Both the “Capacity” and “Allocatable” fields illustrate the maximum number of pods that can be scheduled on the node.

Strategies to Mitigate OutOfPods Error
When confronted with an “OutOfPods” error, it reveals that the node has attained its capacity, and can’t accommodate any more pods until the current ones are terminated or additional resources are integrated.

  1. Node Capacity:

Every node possesses a definitive limit on the pods it can run, influenced by the node’s resources and its configuration.
Solutions: Scale up the nodes if they are perpetually operating at or near capacity, or optimize resource requests and limits.

  1. Cluster Scaling:

Implement auto-scaling solutions to dynamically adapt the number of nodes as needed, especially if your entire cluster is consistently approaching its capacity.

  1. Pod Configuration:

Assess and review resource requests and limits to ensure that pods are not demanding more resources than necessary. Leverage Quality of Service (QoS) classes to aid the scheduler in making more informed decisions.
Implementing QoS Classes: In Kubernetes, pods are categorized into one of three QoS classes: Guaranteed, Burstable, and BestEffort, based on the resource requests and limits set on them.
.- Guaranteed: All containers in the pod have memory and CPU limits, and they are equal to the requests. Use this for critical pods that need specific resources.

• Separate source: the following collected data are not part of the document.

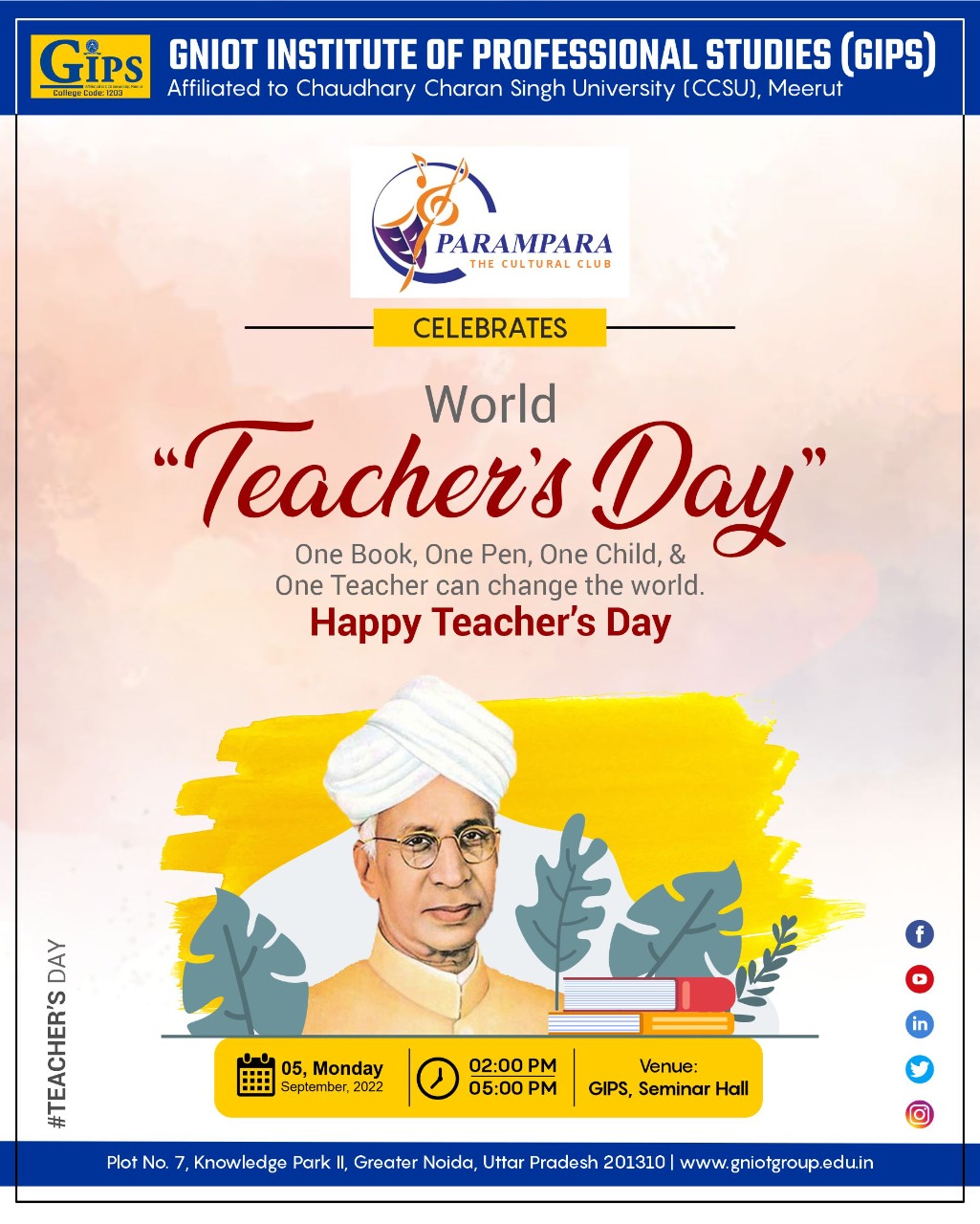 Greater Noida Institute of Professional Studies is going to organize Teacher’s Day.
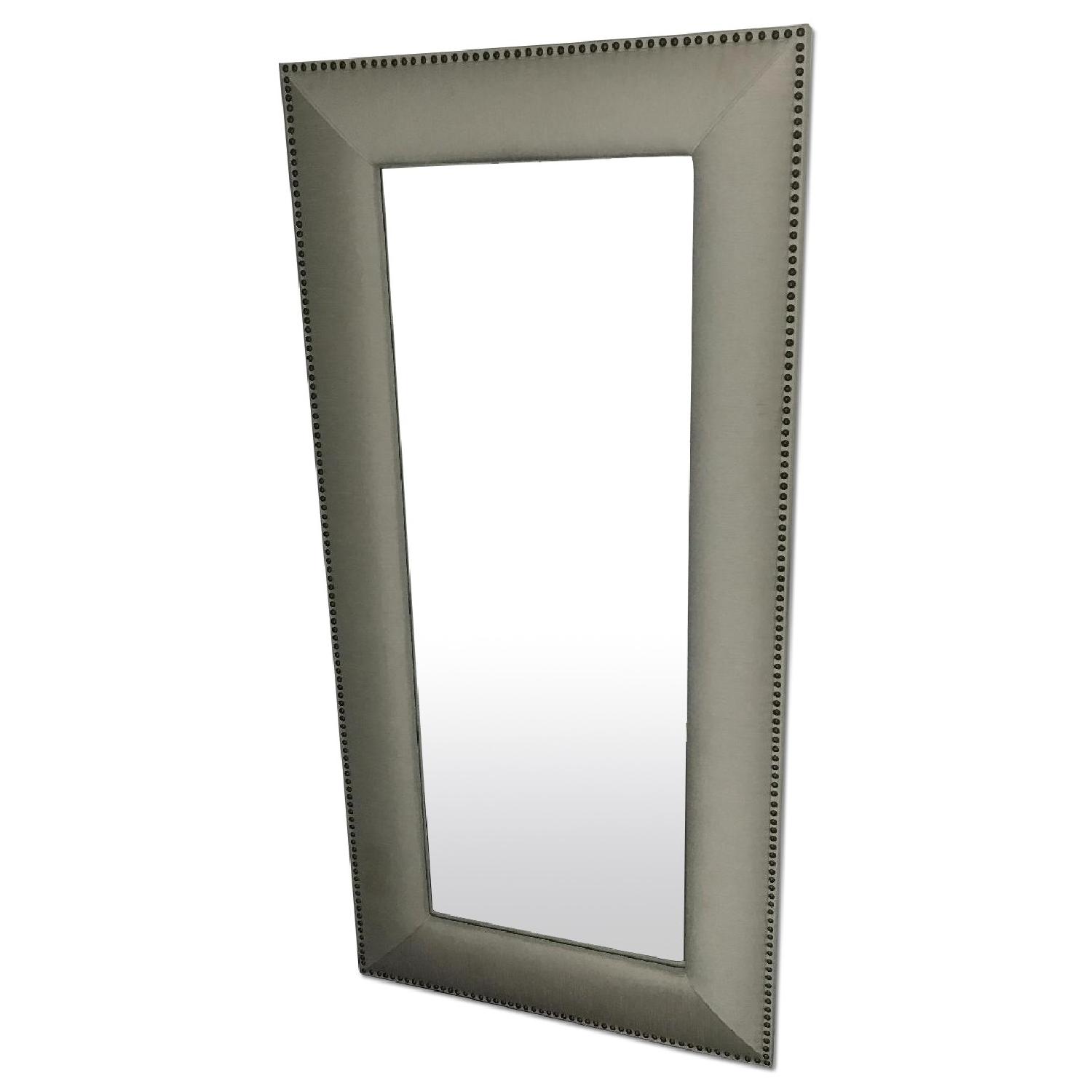 Seller's Notes:Gorgeous Linen wrapped Mirror with nailhead trim at the edges and bevels. Has also Horizontal dual Hanger bracket. Color : Ivory Material : Linen & Polyester Overall Frame: 34.5"W x 70"H x 1"D Interior Mirror : 21"W x 27"H
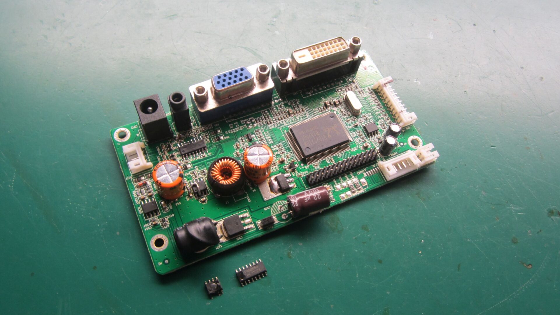 Στο εργαστήριο μας ήρθε η παρακάτω πλακέτα απο Inverter φωτοβολταϊκού η οποία χρειαζόταν τροποποίηση με το κιτ του κατασκευαστή για να εγκατασταθούν νέοι πυκνωτές. Αφότου αποκολλήθηκαν οι κατάλληλοι πυκνωτές, τοποθετήθηκαν 6 x νέοι και επιπλέον τοποθετήθηκαν αναμονές για άλλους 3 x εξωτερικά της πλακέτας.
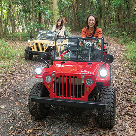 豊橋を知り尽くした専属ガイドが、田園風景や海、ジャングルのような森林など、豊橋の魅力をぎゅっと詰めこんだ場所を案内してくれる。実際に運転してみると、海を全身で体感することができ、迫力満点!普通免許があれば誰でも運転することができ、乗車方法もレクチャーしてくれるので安心。
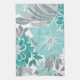 Floral Pattern, Aqua, Teal, Turquoise and Grey Tea Towel

.- Burstable: At least one container in the pod has a memory or CPU request. Use this for pods that require a minimum amount of resources to run but can use more resources when available.

.- BestEffort: The pod doesn’t have memory or CPU limits or requests. Use this for non-critical tasks that can run with the remaining resources.

  1. Resource Fragmentation:

Employ affinity and anti-affinity rules to minimize fragmentation by intelligently placing the pods, ensuring optimal utilization of available resources.

  1. Kubelet Configuration:

Adjusting the maxPods configuration option in the Kubelet configuration can alleviate “OutOfPods” errors by allowing more pods to run on a node, considering the node’s available resources.
Implementing Adjustment:
To adjust the maxPods value, you would typically need to modify the Kubelet configuration file, usually located at /var/lib/kubelet/config.yaml on the node. You need to do this on every node you want to adjust.
For example, open the Kubelet configuration file in a text editor:

sudo vim /var/lib/kubelet/config.yaml

Find the line with maxPods and adjust the value to the desired number, or add a new line with maxPods: if it’s not there.
Save and exit the text editor.
Restart the Kubelet service for the changes to take effect:

sudo systemctl restart kubelet

Conclusion

The OutOfPods error in Kubernetes underscores the criticality of proper resource management within a cluster. Addressing this can be achieved by optimizing node and pod configurations, conscientiously adjusting the maxPods value, and employing Quality of Service (QoS) classes to ensure effective resource allocation. By proactively implementing these strategies, operational hurdles can be avoided, maintaining a robust and efficient Kubernetes environment.